▶ [Task brief]
The copy should begin at the line containing "Стоимость мартовских фьючерсов" and end with the last line below, every line exact and no picture included.

▶ [Input]
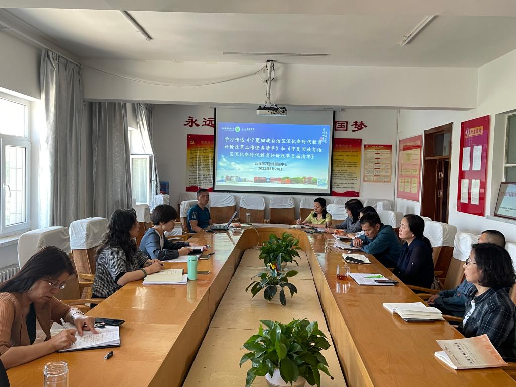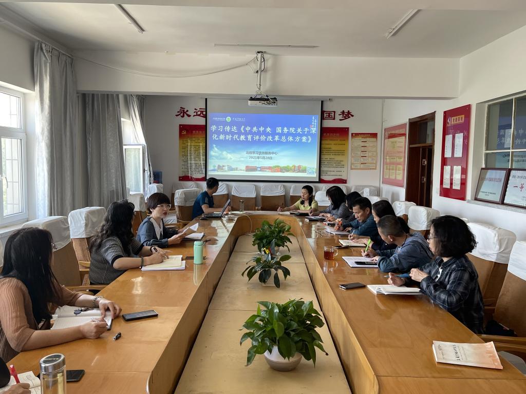 528日上午,远程学习支持服务中心召开全体教师会议,组织大家学习了《中共中央 国务院关于深化新时代教育评价改革总体方案》、《宁夏回族自治区深化新时代教育评价改革工作任务清单》和《宁夏回族自治区深化新时代教育评价改革负面清单》文件精神。
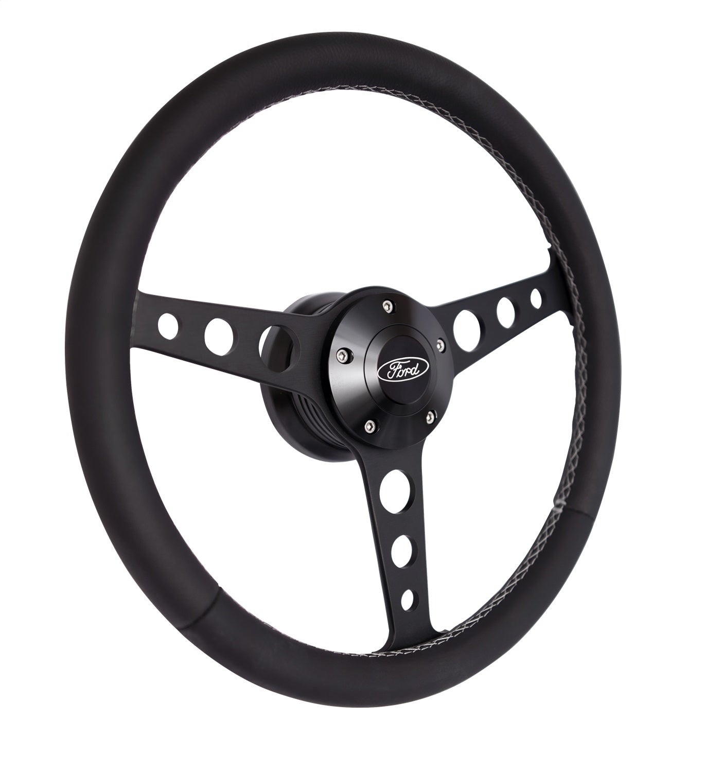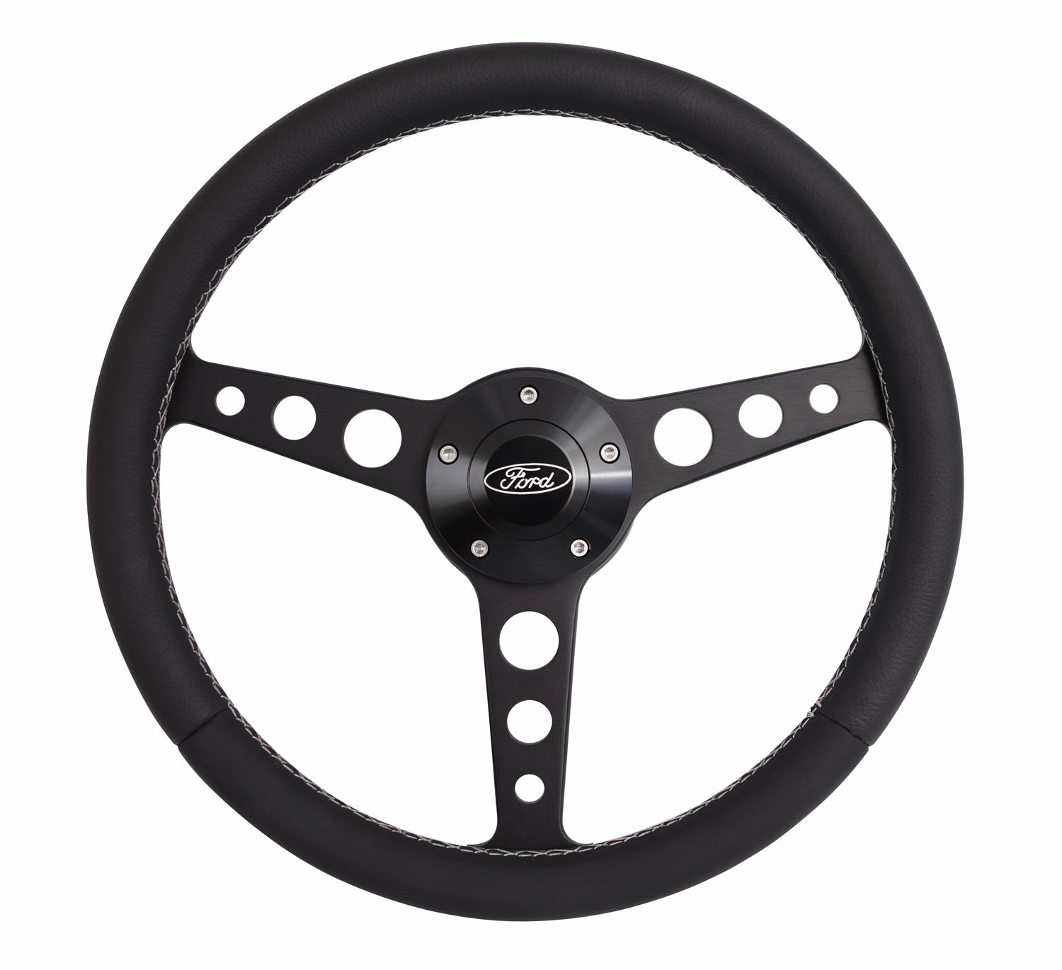 Steering Wheel - Classic Series - 13.75 in Diameter - Flat - 3-Spoke - Black Leather Grip - Ford Oval Logo - Aluminum - Black Anodized - Ford 1969-91 - Each
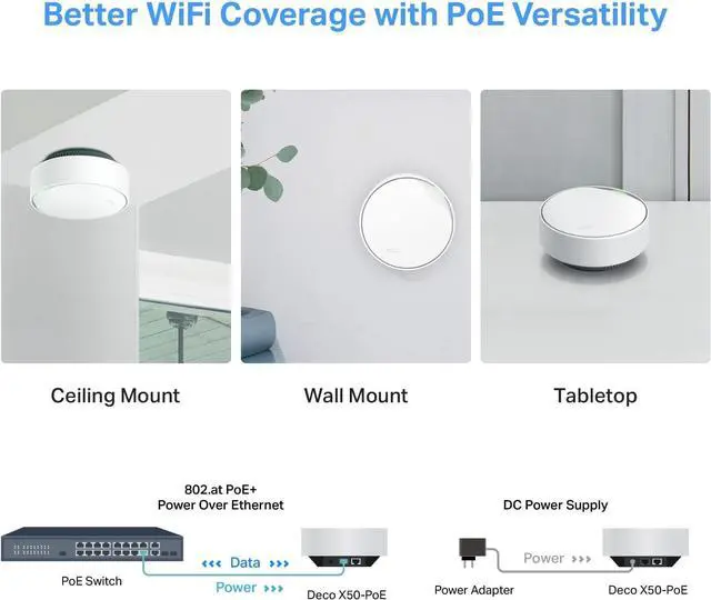 More Versatility with PoE-Each Deco router utilizes IEEE 802.3 at PoE (PoE+) to power the units via ethernet cable or via power plug. Take full advantage of your PoE+ switch to create a multi-Gig backhaul between your Deco routers (switch not included). You can now add Deco to more locations, and mount to areas like the ceiling for better Wi-Fi transmission
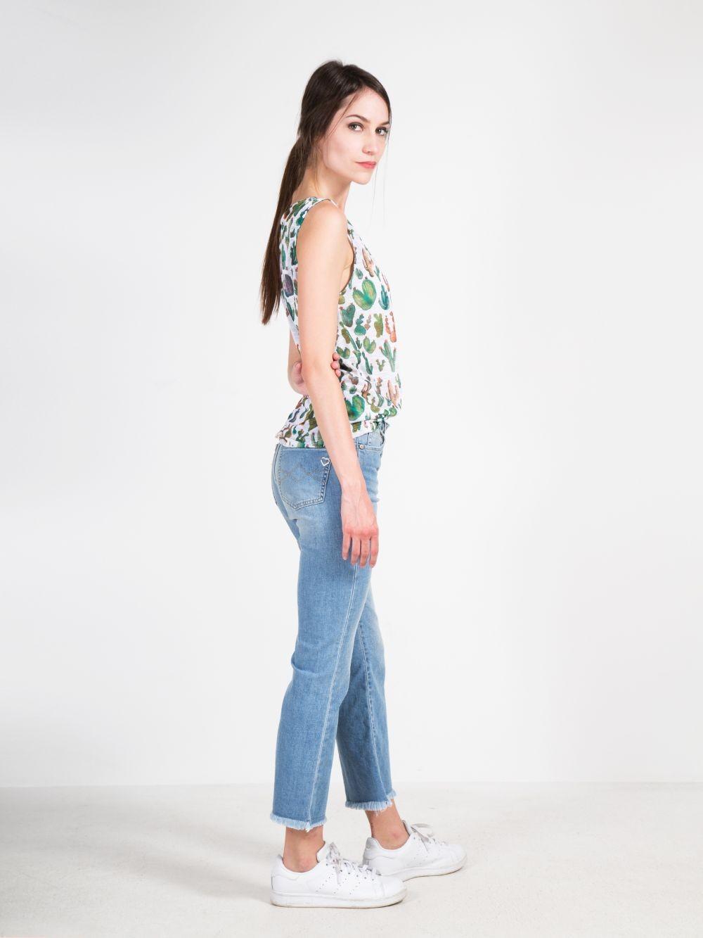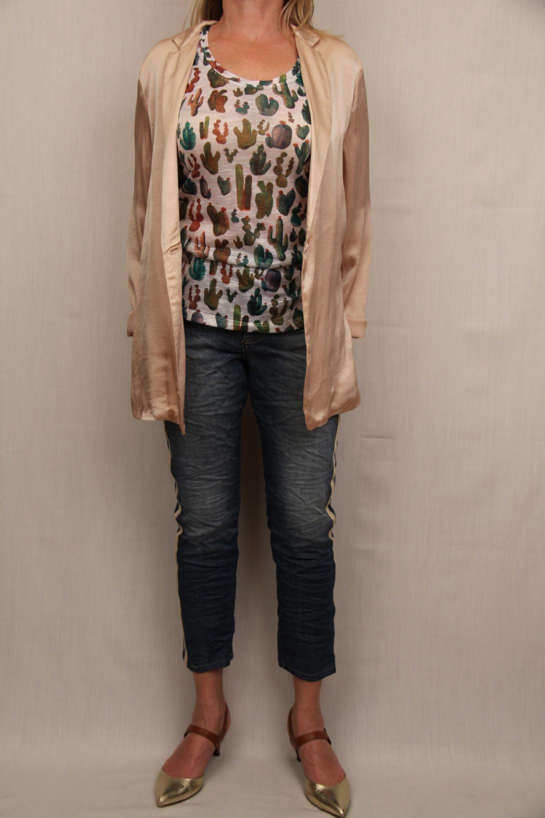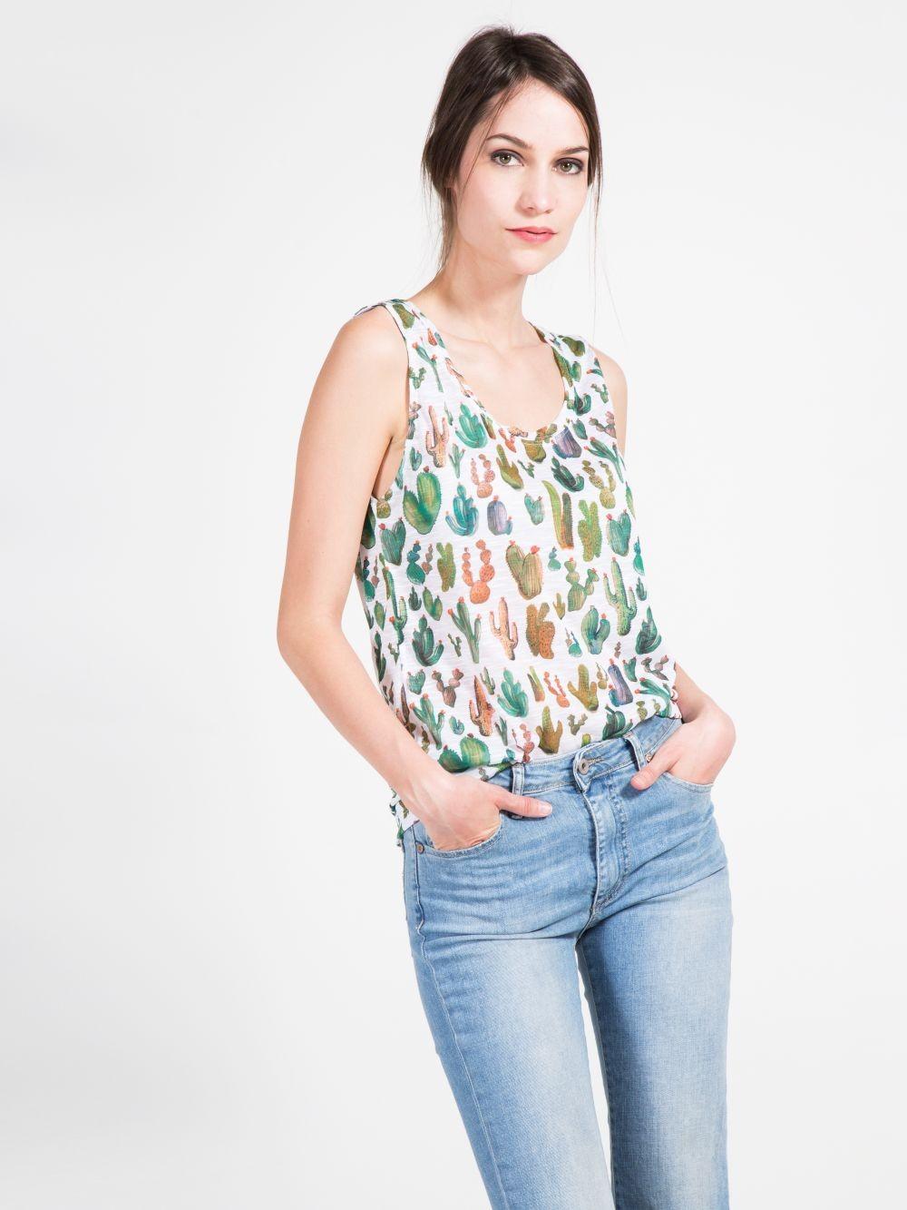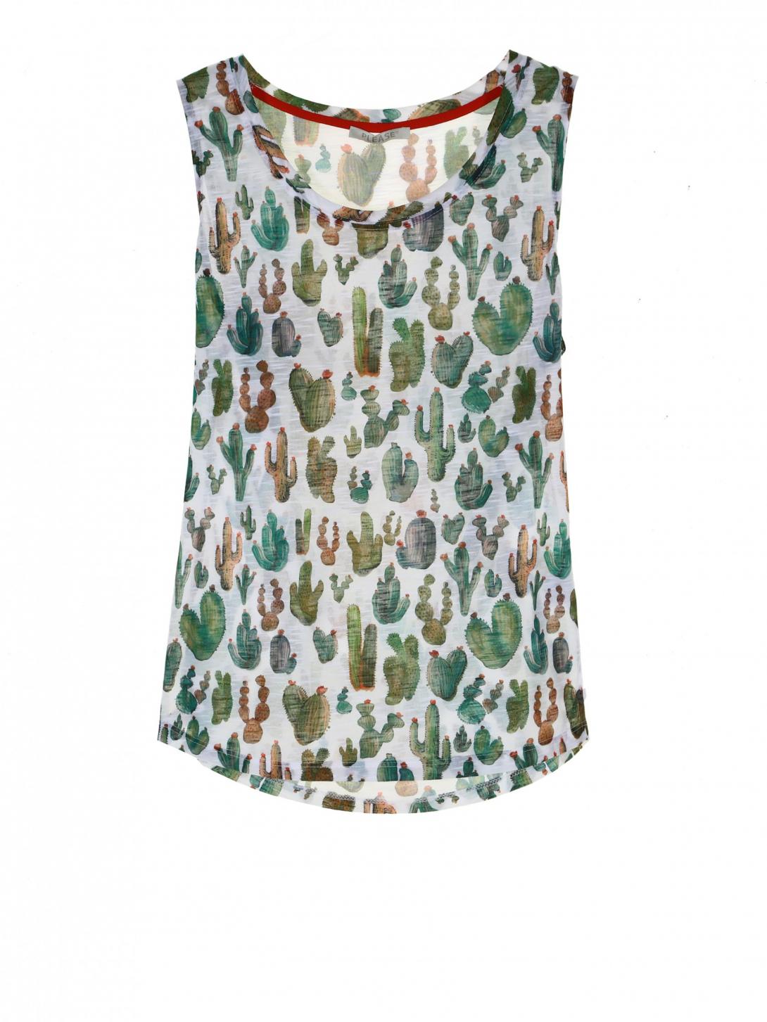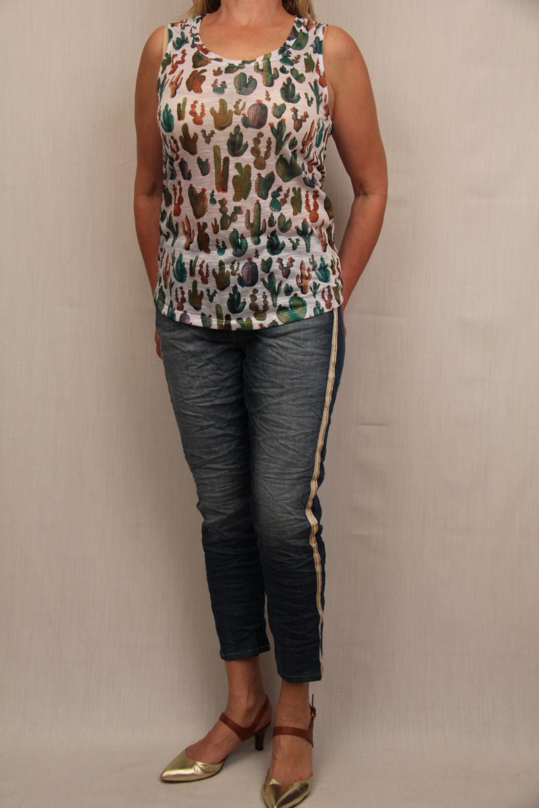 Весёленький топ маячного типа с кактусами. Топ прекрасно комплектуется с нарядным атласным жакетом в пастельных тонах и джинсами с золотым лампасом.
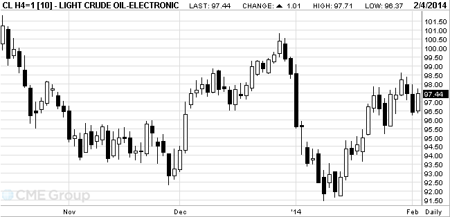 Стоимость мартовских фьючерсов на американскую легкую нефть марки WTI (Light Sweet Crude Oil) выросла до $97,71 за баррель на Нью-йоркской товарной бирже (NYMEX).
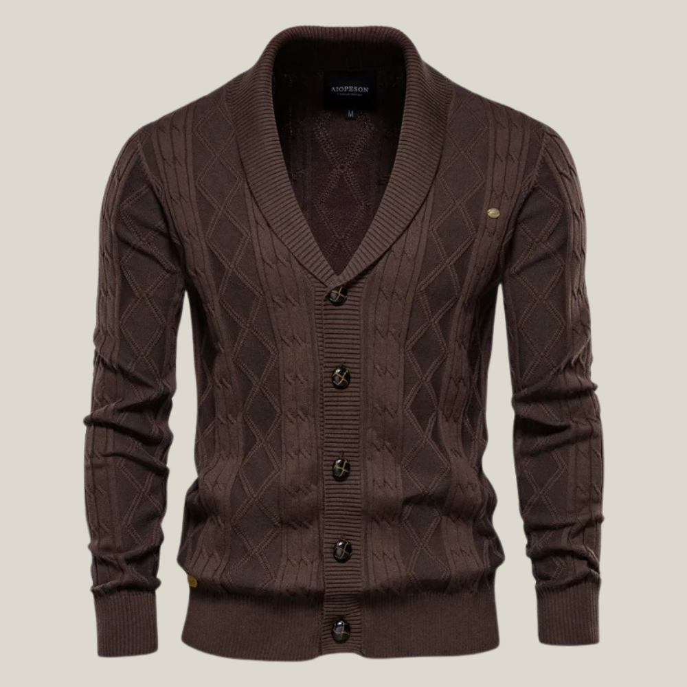 This Men’s Cotton Cable Knit Sweater combines classic elegance with rugged durability, making it an essential layering piece for cooler weather. Crafted from 100% breathable cotton, this cardigan offers a soft yet structured feel, keeping you comfortable while maintaining a refined look.

▶ [Finished task]
 Стоимость мартовских фьючерсов на американскую легкую нефть марки WTI (Light Sweet Crude Oil) выросла до $97,71 за баррель на Нью-йоркской товарной бирже (NYMEX).
 This Men’s Cotton Cable Knit Sweater combines classic elegance with rugged durability, making it an essential layering piece for cooler weather. Crafted from 100% breathable cotton, this cardigan offers a soft yet structured feel, keeping you comfortable while maintaining a refined look.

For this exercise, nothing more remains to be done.